Perubahan organisasi terjadi karena adanya
perubahan-perubahan dalam berbagai variable eksternal seperti system politik,
ekonomi, teknologi, pasar, dan nilai-nilai. Kenaikan biaya dan kelangkaan
berbagai SDA, keamanan karyawan dan peraturan-peraturan anti polusi, boikot
pelanggan adalah beberapa contoh factor-faktor lingkungan yang merubah
kehidupan orang baik sebagai karyawan maupun langgganan dalam tahun-tahun
terakhir. Berbagai kekuatan eksternal dari kemajuan teknologi sampai
kegiatan-kegiatan persaingan dan perubahan pola kehidupan, dapat menekan
organisasi untuk mengubah tujuan, struktur dan metode operasinya.
A. FAKTOR-FAKTOR
PERUBAHAN
Sebuah perubahan dan pengembangan dapatlah terjadi pada
apapun dan siapapun tidak terkecuali dengan organisasi. Tidak banyak individu
atau organisasi menyukai adanya perubahan namun tidak dapat dihindari namun
harus dihadapi. Faktor perubahan terjadi karena ada 2 faktor yaitu faktor
internal dan eksternal.
1. Faktor Ekstern
Adalah penyebab perubahan yang berasal dari luar, atau sering
disebut lingkungan. Organisasi bersifat responsive terhadap perubahan yang
terjadi di lingkungannya. Oleh karena itu, jarang sekali suatu organisasi melakukan
perubahan besar tanpa adanya dorongan yang kuat dari lingkungannya. Artinya,
perubahan yang besar itu terjadi karena lingkungan menuntut seperti itu.

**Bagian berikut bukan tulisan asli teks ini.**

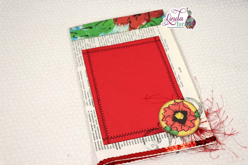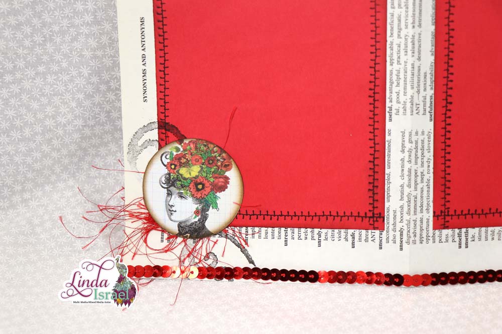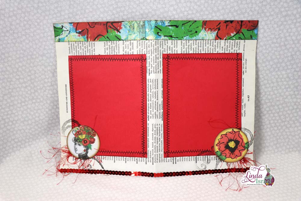 Cut a piece of red copy paper into fourths. Each piece should be about 4.25 x 5.5 inches in size. Stamp using black ink and one of the Shabby Stitches designs near the edge to give the appearance of stitches around each piece of paper. Fold the book page in half to make a 5.5 x 8.5 page, Adhere one red block to each of the four sides of the paper.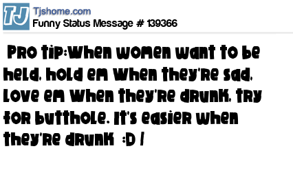 - # 139365 Pro tip:When women want to be held, hold em When they're sad, love em When they're drunk, try for butthole. It's easier when they're drunk :D /
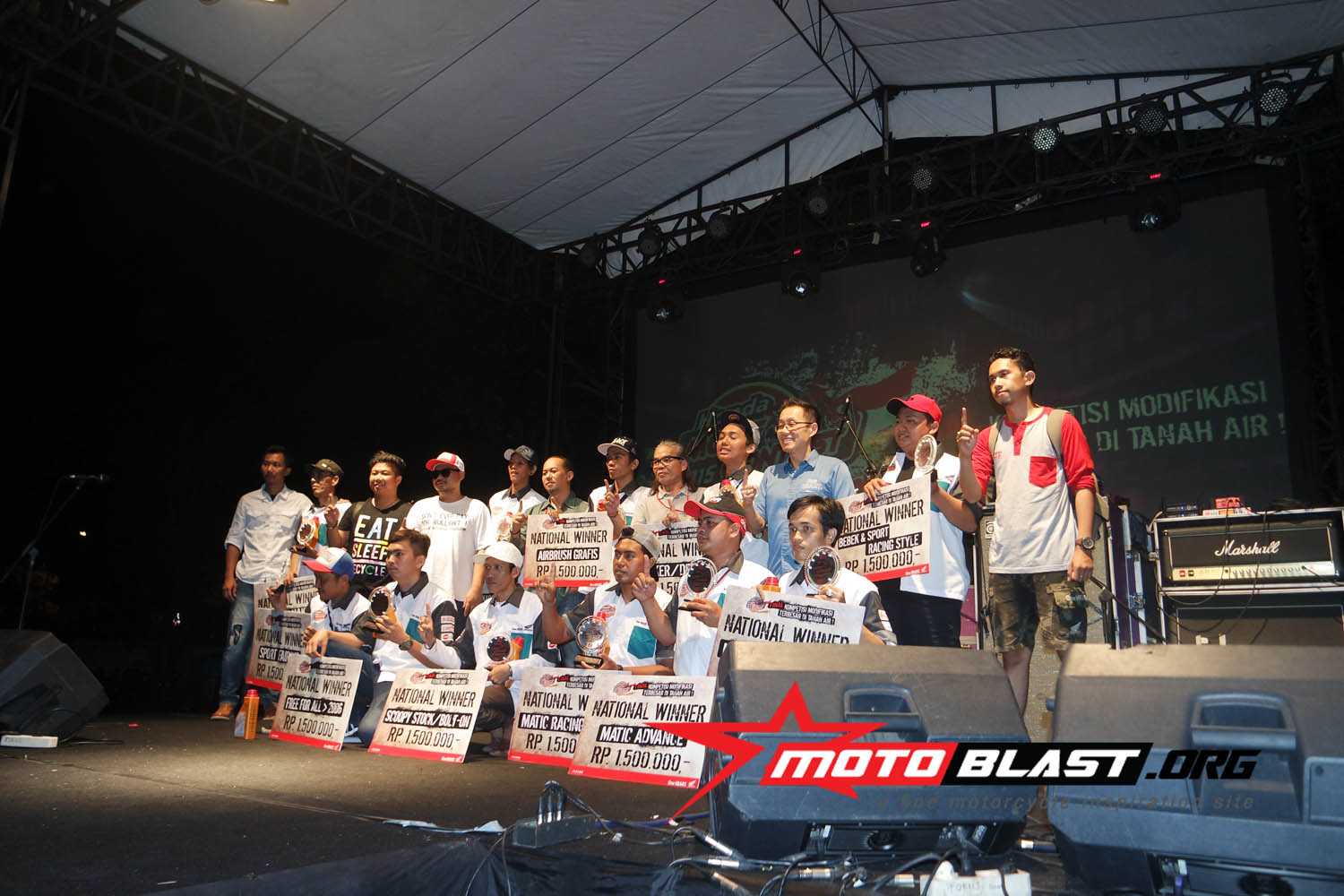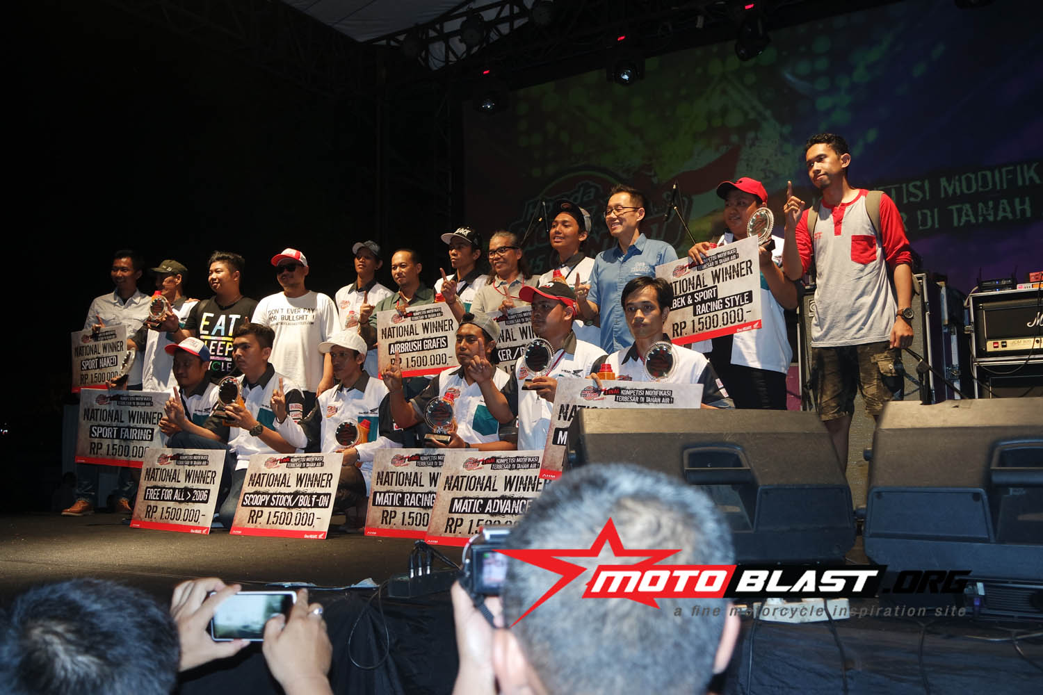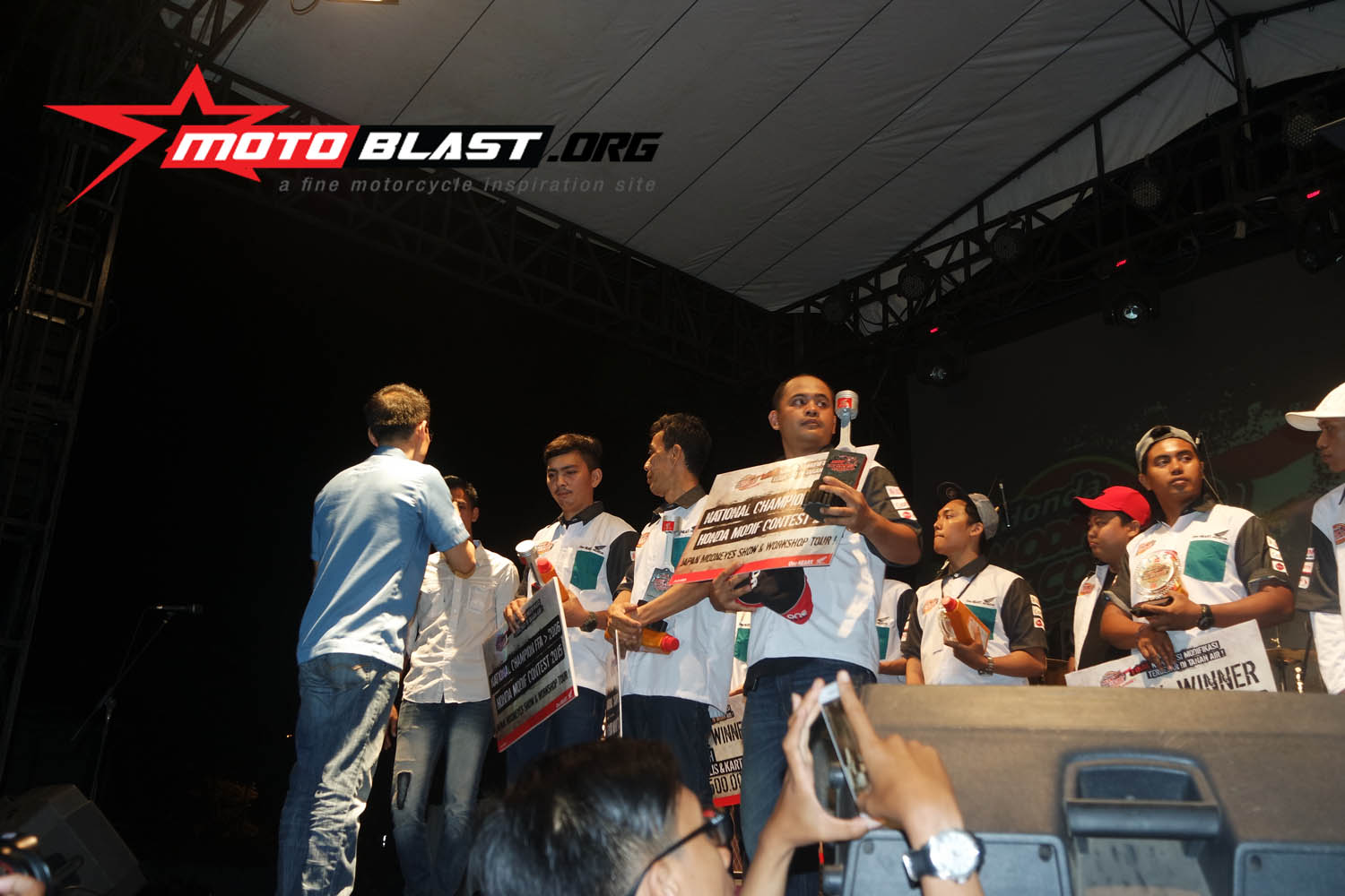 dan motoblast udah mengabadikan muka muka siapa saja yang berhasil menang di ajang modif terbesar di indonesia yang di adakan AHM ini.. monggo..siapatau dari pembaca motoblast inget muka muka pemenangnya, siapa tahu ada sodara, temen gitu..kan bangga ya..hehe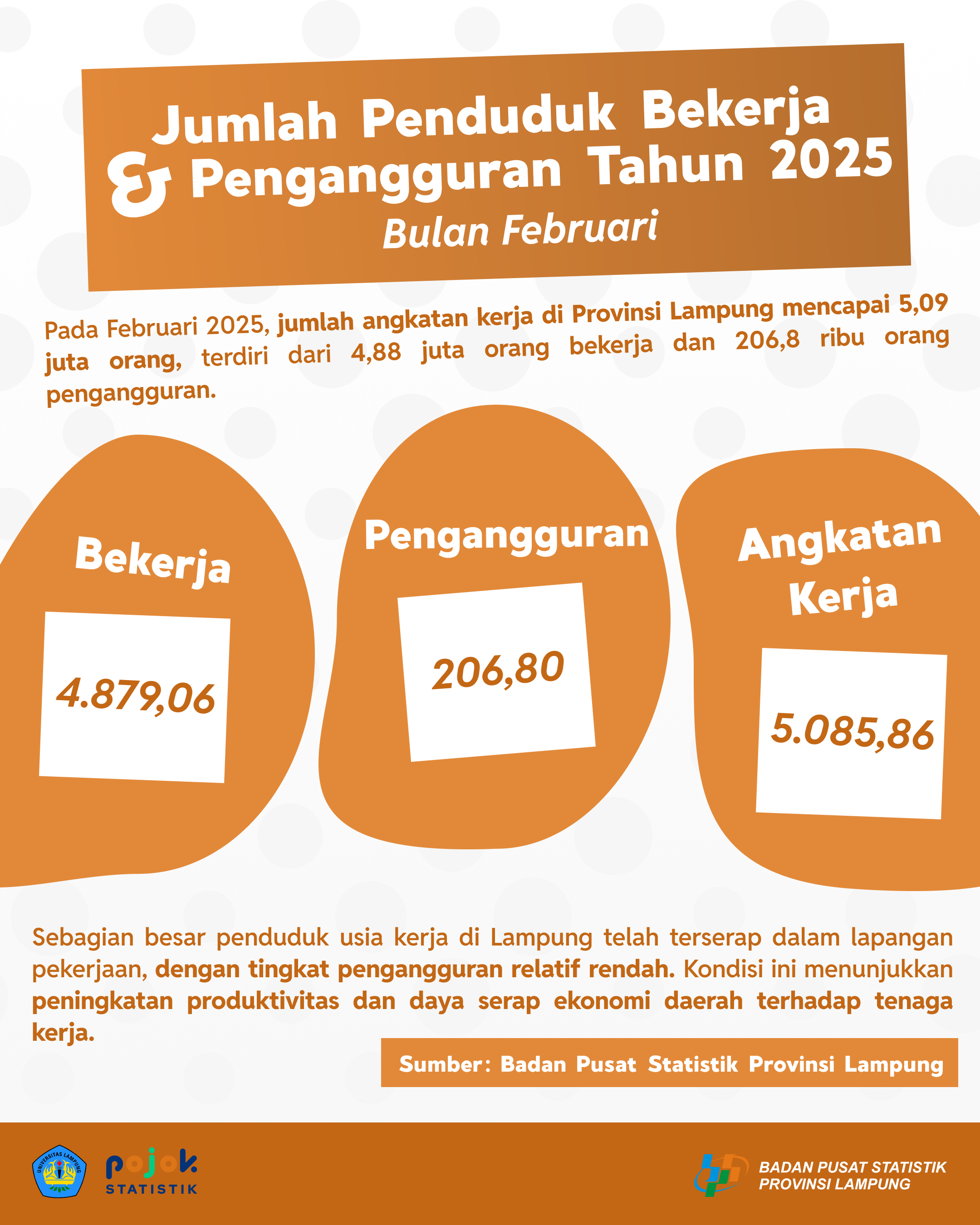Pada Februari 2025, jumlah angkatan kerja di Provinsi Lampung mencapai 5,09 juta orang, terdiri dari 4,88 juta penduduk bekerja dan 206,8 ribu pengangguran. Sebagian besar...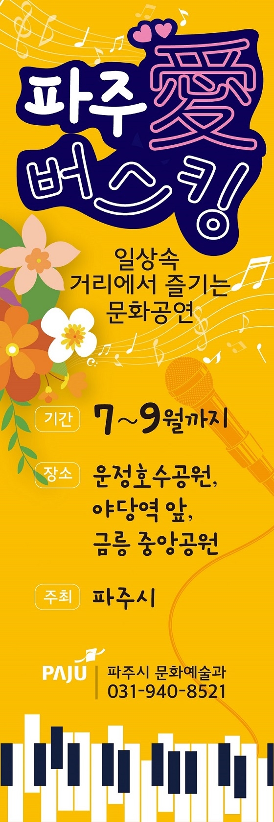 파주시는 거리공연 문화를 활성화하기 7월부터 9월까지 매주 토요일 관내 거리 및 공원, 광장 등에서 ‘파주애(愛)버스킹’ 공연을 진행한다.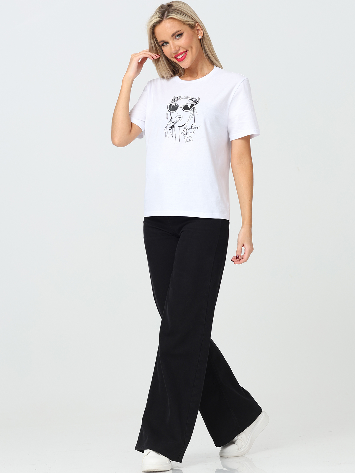 Белая футболка - это классический элемент гардероба, который подходит для любого сезона. Изготовлена из качественного трикотажного материала, обеспечивающего комфорт и удобство в повседневном использовании. Округлый вырез горловины делает её универсальной и подходящей для различных стилей одежды. Короткие рукава обеспечивают свободу движения и дополнительный комфорт в жаркую погоду. Термопечать добавляет оригинальности и стиля этой футболке. Легкий уход - бережная стирка при 30 градусах - делает её удобным и практичным выбором для ежедневного использования.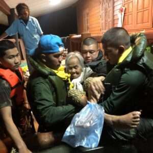 ขณะเดียวกันยังย้ำขอให้จัดกำลังพลและเครื่องมือช่างลงพื้นที่ให้การช่วยเหลือเร่งด่วนกับประชาชนในพื้นที่วิกฤติที่น้ำยังคงท่วมสูง อพยพประชาชนออกจากพื้นที่เสี่ยงเข้าศูนย์อพยพที่จัดตั้งขึ้น และให้การช่วยเหลือประชาชนในพื้นที่ตัดขาด  ทั้งนี้ให้ประสานกับฝ่ายปกครองในพื้นที่ สนับสนุนกำลังพลและเครื่องสูบน้ำเข้าช่วยเหลือโรงพยาบาลที่ได้รับผลกระทบให้สามารถดำรงความต่อเนื่องทางการแพทย์  พร้อมทั้งสนับสนุนรถครัวสนามเคลื่อนที่และร่วมกับจิตอาสาแจกจ่ายถุงยังชีพกับประชาชนที่ประสบภัยที่ตกค้างในพื้นที่ โดยเฉพาะพื้นที่เสี่ยง  ทั้งนี้ ให้สนับสนุน เร่งสถาปนาระบบการติดต่อสื่อสารที่ถูกตัดขาด เพื่อดำรงการติดต่อการช่วยเหลือประชาชนในพื้นที่ จนกว่าสถานการณ์จะดีขึ้น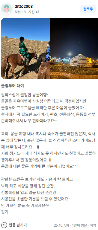 몽골에 대한 좋은 기억에 큰 부분이 되었어요^^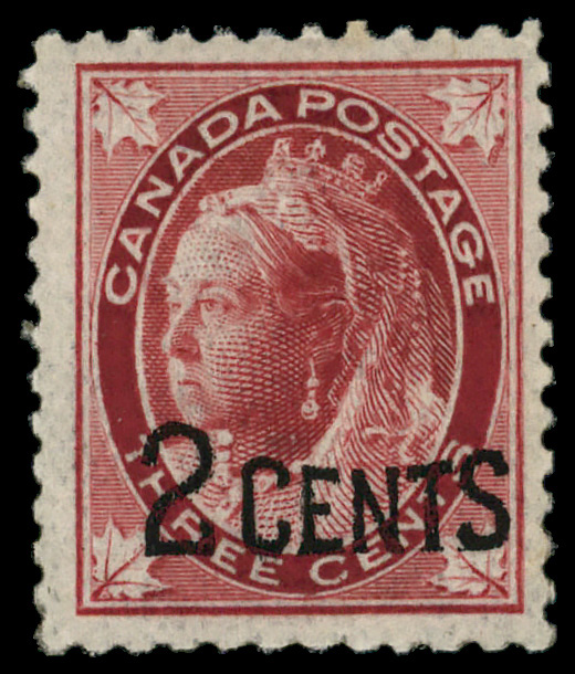 5692 nh 87 image1899, Queen Victoria "Maple Leaf", 2¢ on 3¢ carmine (Scott 87), o.g., never hinged, Fine to Very Fine.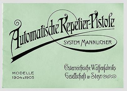 on the front of the left slide arm. Subsequently 'WAFFENFABRIK STEYR' appeared on the lock cover on the left side of the gun. Excepting guns supplied on contract to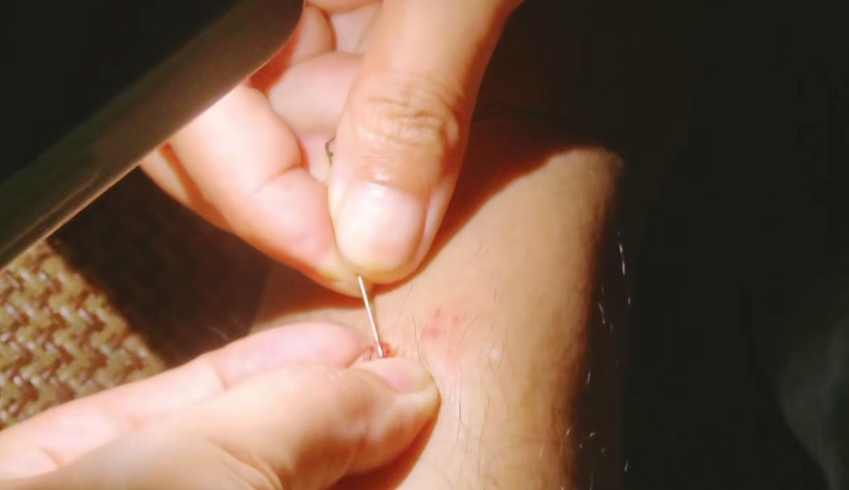 第1點:用乾淨的針把蜜蜂刺挑出來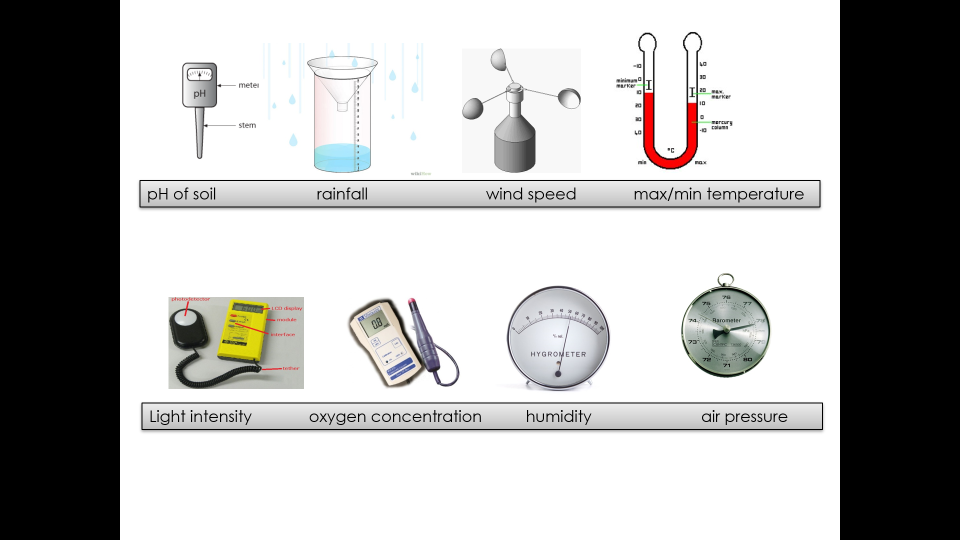 Light intensity oxygen concentration humidity air pressure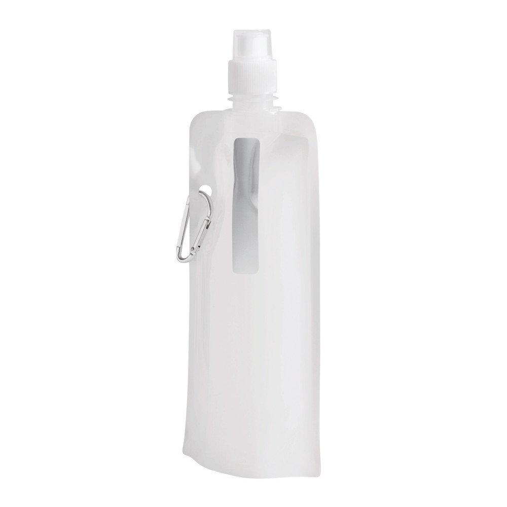Trinkflasche AQUAFOLD: falt-, bzw. rollbar im ungefüllten Zustand, transparente Verschlusskappe, mit Karabinerhaken (der Karabiner ist NICHT als Sicherung beim Klettern geeignet), Füllmenge ca. 400 ml

Beberapa penyebab perubahan organisasi yang termasuk faktor ekstern adalah
perkembangan teknologi, faktor ekonomi dan peraturan pemerintah.
2. Faktor Intern
Adalah penyebab
perubahan yang berasal dari dalam organisasi yang bersangkutan, yang dapat
berasal dari berbagai sumber antara lain:
- Problem hubungan
antar anggota
- Problem dalam proses
kerja sama
- Problem keuangan
Hubungan antar anggota
yang kurang harmonis merupakan salah satu problem yang lazim terjadi. Dibedakan
menjadi dua, yaitu: problem yang menyangkut hubungan atasan bawahan (hubungan
yang bersifat vertikal), dan problem yang menyangkut hubungan sesama anggota
yang kedudukannya setingkat (hubungan yang bersifat horizontal). Dari perubahan
tersebut tentunya akan berdampak pada beberapa perubahan dalam organisasi
tersebut, seperti perubahan sifat organisasi. Untuk menangani masalah tersebut,
haruslah organisasi tersebut menetapkan suatu tindakan atau kebijakan dan
penyesuaian diri agar sifat organisasi yang sebelumnya tidak lenyap dan
terganti. Saat terjadi perubahan struktur organisasi, haruslah tetap berpegang
teguh kepada prinsip bahwa struktur organisasi telah disusun dan di tetapkan
dengan tujuan memberikan suatu gambaran tentang berbagai hal dalam organisasi
tersebut. Dalam melakukan perubahan dalam suatu organisasi umumnya tidak
berjalan dengan begitu lancar karna terdapat beberapa hambatan dalam proses
perubahan tersebut. Hambatan tersebut umumnya terjadi dari luar atau dari
faktor ekstenal.
B. PROSES PERUBAHAN
Organisasi apapun tidak dapat menghindarkan diri dari
pengaruh daripada berbagai perubahan yang terjadi di luar organisasi. Yang
dimaksud dengan proses perubahan organisasi adalah tata urutan atau langkah
langkah dalam mewujudkan perubahan organisasi.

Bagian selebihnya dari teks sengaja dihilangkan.